Last Week’s Market Anecdotes:

  • The Fed delivered a 25bps rate hike as expected but accompanied that with a pointed narrative about emerging risks of rekindled inflation and an increase in the projected number of rate hikes in 2017 from two to three (the dot plot). Both the U.S. dollar and interest rates climbed in response.
  • The BOE left rates unchanged last week, citing the renewed strength in the Pound and the tightening effects that will exert on their economy.
  • The U.S. yield curve (interest rates) shifted higher across the curve but was most pronounced in the front and belly ends of the curve. 2-year through 10-year rates rose 13-18 bps on the week. The 10-year Treasury yield hits its highest level since July 2015.
  • WSJ Dollar Index is at its highest closing value in more than 14 years. The U.S. dollar moved sharply against both the Euro and Yen. The Euro is at its lowest level against the dollar since 2003 while the yen weakened to its lowest mark since February.
  • The US 10-year TIPS breakeven rose to its highest level since September 2014.
  • Turmoil in Chinese markets is becoming pronounced. China halted trading in its 10year bond futures after it crashed a record 2%, the biggest daily drop in history. Chinese also extended emergency loans to domestic financial firms to avert a liquidity crunch.

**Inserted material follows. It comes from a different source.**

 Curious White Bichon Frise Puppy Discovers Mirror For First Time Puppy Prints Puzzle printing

  • The financial media became very preoccupied with Dow 20,000 last week, but another much more important “20” milestone was crossed in the background – the S&P 500 hit $20 trillion in market capitalization. That is quite a long way from the $6.1t market cap, where it bottomed out in April 2009. • Health Care (XLV) and Utilities (XLU) were both up last week , bucking their underperformance since the election, while Materials (XLB), Industrials (XLI), Consumer Discretionary (XLY), and Financials (XLF) all gave up some of their recent outperformance.

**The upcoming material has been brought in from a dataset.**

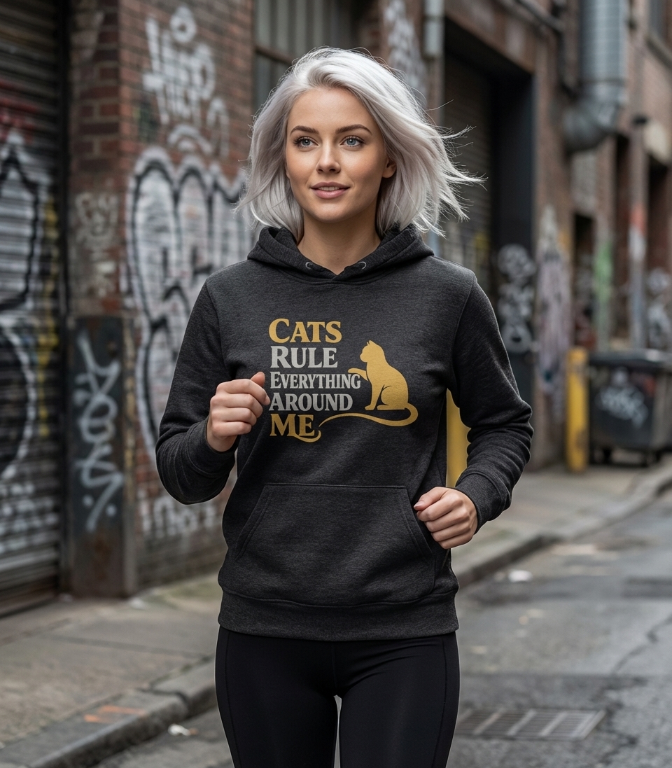 The phrase "Cats Rule Everything Around Me" is a witty adaptation of a well-known cultural reference, reimagined to celebrate the dominant role cats play in our lives. It encapsulates the affectionate bond between humans and their cats, acknowledging that our pets often dictate the rhythm of our homes and hearts.

  • Fresh political uncertainty in Italy prompted the ECB to reject Monte Paschi’s request for an extension to January 20th to complete their plan to raise rescue financing. Meanwhile, Italy’s biggest bank, Unicredit, announced plans to raise $13.8 billion in a rights offering. The bank plans to shed an additional 6,500 jobs and €1.7b in cost cuts.

Last Week’s Economic Anecdotes:

  • Retail sales, Industrial production, and capacity utilization all missed their marks last week. November retail sales missed and October was revised downward.
  • Last week provided both CPI and PPI inflation readings. CPI came in as expected (core and headline) registering 2.1% and 1.7% respectively. PPI was a bit stronger than expected with core PPI trending at 1.6% annually.
  • November housing starts declined 18.7% to 1.090m (1.23m were expected).
  • The Philly Fed manufacturing index and the Empire Manufacturing Activity index both jumped (21.5 from 7.6 and 9 from 1.5). The regional indexes reflected significantly improved forward expectations of activity.